Personal information
- Full name: Percy Francis Joseph Martini
- Born: 4 June 1888 Hawthorn, Victoria
- Died: 1 July 1961 (aged 73) East Geelong, Victoria
- Original team: Marylebone
- Height: 183 cm (6 ft 0 in)
- Weight: 85 kg (187 lb)

Playing career^{1}
- Years: Club / Games (Goals)
- 1909–1915: Geelong / 103 (262)
- 1916: Richmond / 010 0(22)
- 1917–1920: Geelong / 046 0(71)
- Total:  / 159 (355)
- ^{1} Playing statistics correct to the end of 1920.

Career highlights
- Geelong Leading Goalkicker 1909, 1910, 1911, 1912, 1913, 1914, 1915, 1918, 1919; VFL Leading Goalkicker 1910; Richmond Leading Goalkicker 1916; Interstate games:- 2;

= Percy Martini =

Australian rules footballer

Percy Francis Joseph Martini (4 June 1888 – 1 July 1961) was an Australian rules footballer who played for Geelong in the Victorian Football League (VFL).

==Family==
He married May Victoria Machar (1887–1928) in 1913.

==Football==
A full-forward, from 1909 until 1919, he was Geelong's leading goalkicker in every season except 1915. In 1916, the club did not take part in the competition due to the war, and Martini played with Richmond for the season and topped their goalkicking.
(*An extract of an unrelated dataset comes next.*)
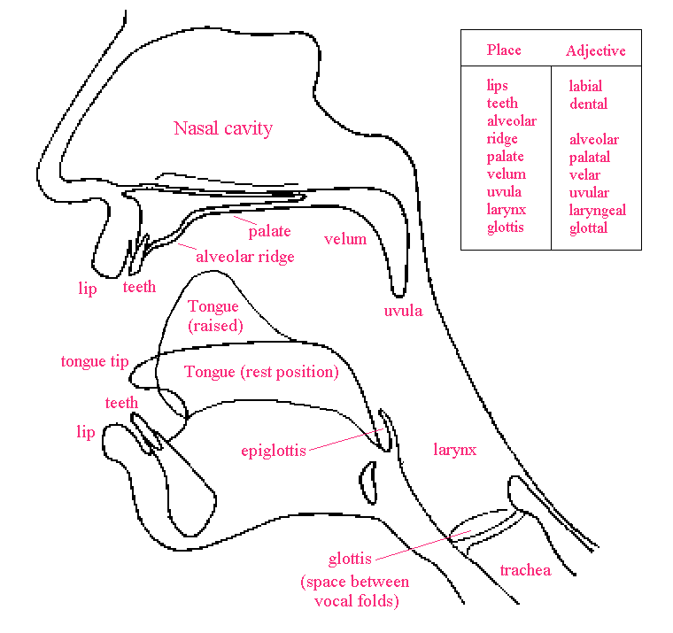 • Sounds can be divided into consonants and vowels. The former can be characterised according to 1) place, 2) manner of articulation and 3) voice (voiceless or voiced). For vowels one uses a coordinate system called a vowel quandrangle within which actual vowel values are located.
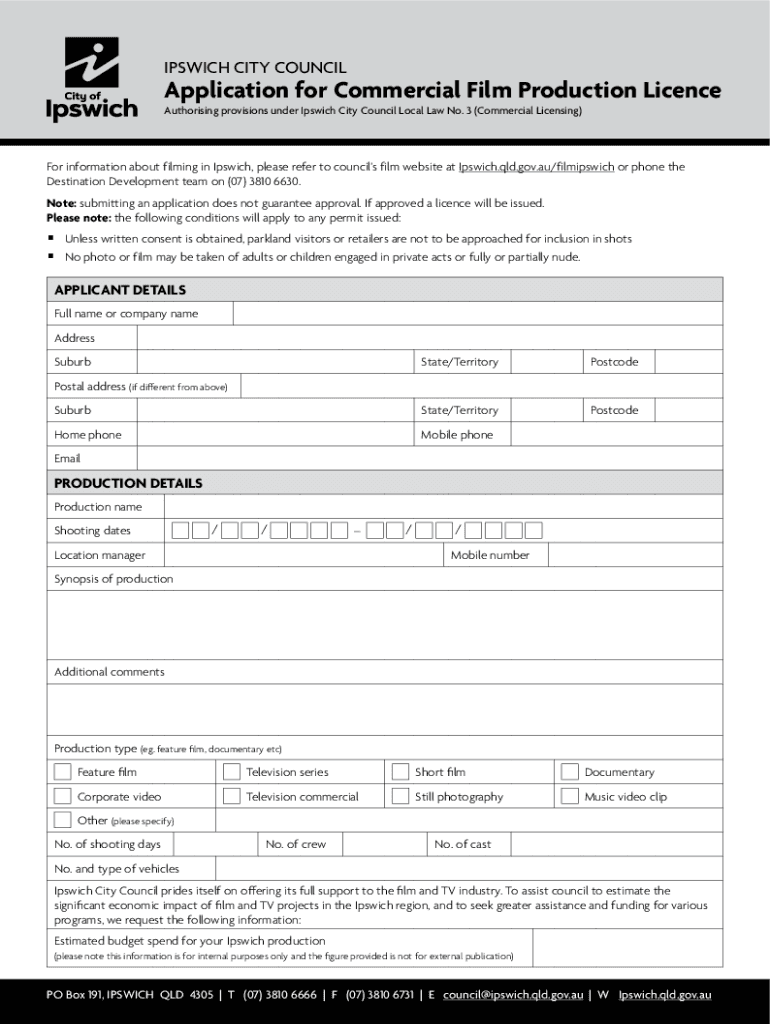 IPSWICH CITY COUNCILApplication for Commercial Film Production License Authorizing provisions under Ipswich City Council Local Law No. 3 (Commercial Licensing)For information about filming in Ipswich,

With 51 goals in 1910, he became the first Geelong player to kick over 50 goals in a season, and it was the biggest tally in the league for the year, posthumously earning a Leading Goalkicker Medal for his efforts. When he retired in 1920, he had managed to kick 333 goals for Geelong, which at the time was a club record.